Le parole di Papa Leone XIV, in questi giorni, non sono state semplicemente pronunciate: hanno inciso.
Non perché gridate, ma perché radicali. Perché hanno avuto il coraggio di riportare al centro una verità che oggi sembra quasi scomoda: non tutto ciò che si impone è grande, e non tutto ciò che è grande ha bisogno di imporsi.
Viviamo in un tempo in cui l’autocelebrazione non è più un’eccezione, ma una modalità diffusa. Un tempo in cui il valore rischia di essere confuso con la visibilità, e la forza con la capacità di occupare spazio, di dominare la scena, di affermarsi sopra gli altri.
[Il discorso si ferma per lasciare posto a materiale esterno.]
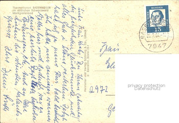 72304144 alte Postkarte BADENWEILER BW Markgrafenbad postalisch gelaufen Erhaltung siehe scans KatCode: 11110008315007

Eppure, proprio qui, si gioca una distinzione fondamentale.
Perché esiste un’altra misura.
Più silenziosa, meno appariscente, ma infinitamente più solida.
Quelle che non hanno bisogno di raccontarsi continuamente per esistere.
Quelle che non costruiscono consenso, ma relazioni.
Quelle che non cercano riconoscimento, ma responsabilità.
Sono le persone che tengono insieme ciò che altrimenti si sfalderebbe.
Che restano, anche quando non conviene.
Che si assumono il peso delle fragilità altrui senza trasformarlo in un palcoscenico.
Non fanno rumore. Ma fanno la differenza.
E forse è proprio questo il punto più potente del messaggio che ci è stato consegnato: ricordarci che la grandezza non coincide con l’esposizione, ma con la capacità di stare accanto.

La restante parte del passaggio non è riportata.